> [PROBLEM REQUIREMENTS] Apart from the images, output the data below exactly.

> [DATA]
════

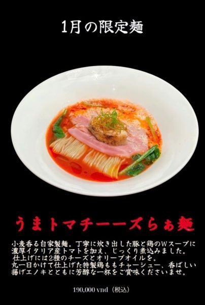 日本人のラーメン職人が腕をふるう「らぁ麺春樹」では,昨年末の第二回らぁ麺総選挙にて見事1位に輝いた「うまトマチーーズらぁ麺(19万VND/税込み)」が登場! 豚と鶏のWスープに濃厚なイタリア産トマトを加え,2種のチーズとオリーブオイルで仕上げ。特製鶏ももチャーシューと揚げエノキを添えた芳醇な一杯は,締めのリゾットもおすすめ!!
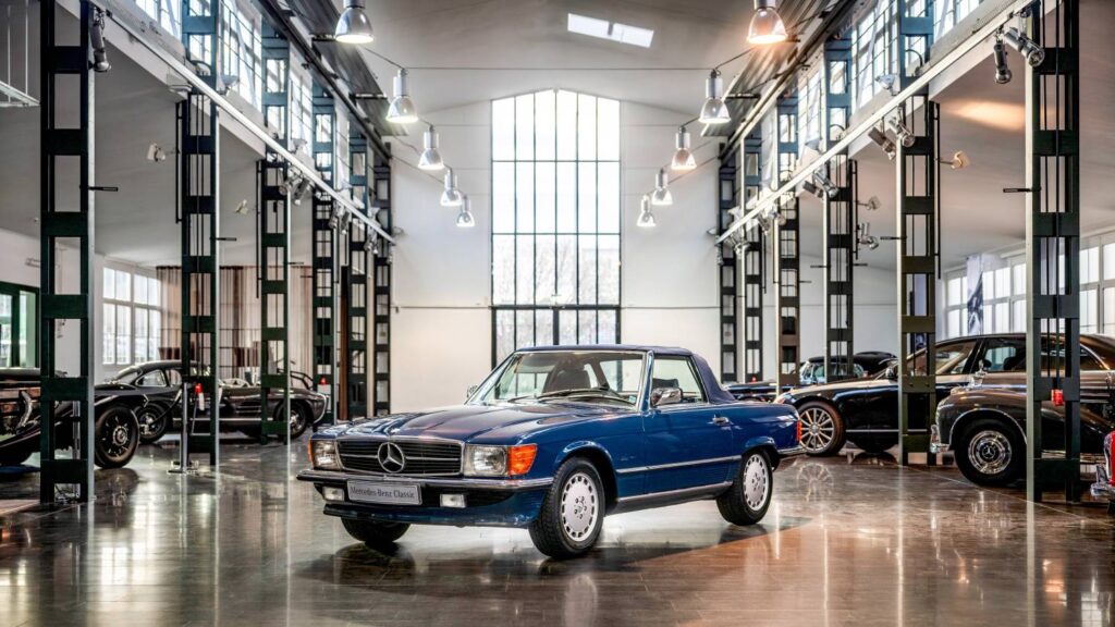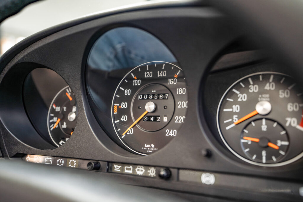 Também à venda: um 300 SL da série de modelos R 107 de 1988. Sua quilometragem original de apenas 3.587 quilômetros é impressionante. A condição deste clássico é correspondentemente boa. O 300 SL também se destaca com seu acabamento de pintura incomum em azul surf (DB900) – uma das cores mais raras para esta série de modelos produzida de 1971 a 1989. Em combinação com o interior de couro cinza e a transmissão manual, isso cria uma impressão geral esportiva e elegante.
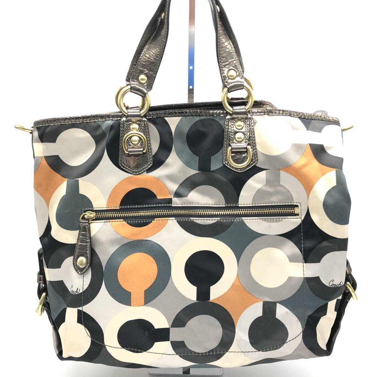 | 保管品 COACH コーチ オプアート トートバッグ ハンドバッグ ショルダーバッグ 肩掛け バッグ ブルー系 12960 | ||
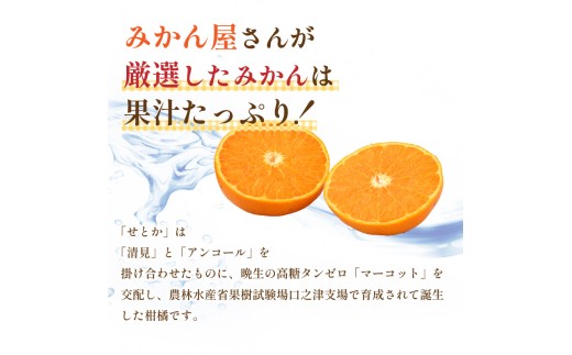 「せとか」は「清見」と「アンコール」を掛け合わせたものに、晩生の高糖タンゼロ「マーコット」を交配し、農林水産省果樹試験場口之津支場で育成されて誕生した柑橘です。

════

> [SOLUTION TO THE EXERCISE]
 日本人のラーメン職人が腕をふるう「らぁ麺春樹」では,昨年末の第二回らぁ麺総選挙にて見事1位に輝いた「うまトマチーーズらぁ麺(19万VND/税込み)」が登場! 豚と鶏のWスープに濃厚なイタリア産トマトを加え,2種のチーズとオリーブオイルで仕上げ。特製鶏ももチャーシューと揚げエノキを添えた芳醇な一杯は,締めのリゾットもおすすめ!!
 Também à venda: um 300 SL da série de modelos R 107 de 1988. Sua quilometragem original de apenas 3.587 quilômetros é impressionante. A condição deste clássico é correspondentemente boa. O 300 SL também se destaca com seu acabamento de pintura incomum em azul surf (DB900) – uma das cores mais raras para esta série de modelos produzida de 1971 a 1989. Em combinação com o interior de couro cinza e a transmissão manual, isso cria uma impressão geral esportiva e elegante.
 | 保管品 COACH コーチ オプアート トートバッグ ハンドバッグ ショルダーバッグ 肩掛け バッグ ブルー系 12960 | ||
 「せとか」は「清見」と「アンコール」を掛け合わせたものに、晩生の高糖タンゼロ「マーコット」を交配し、農林水産省果樹試験場口之津支場で育成されて誕生した柑橘です。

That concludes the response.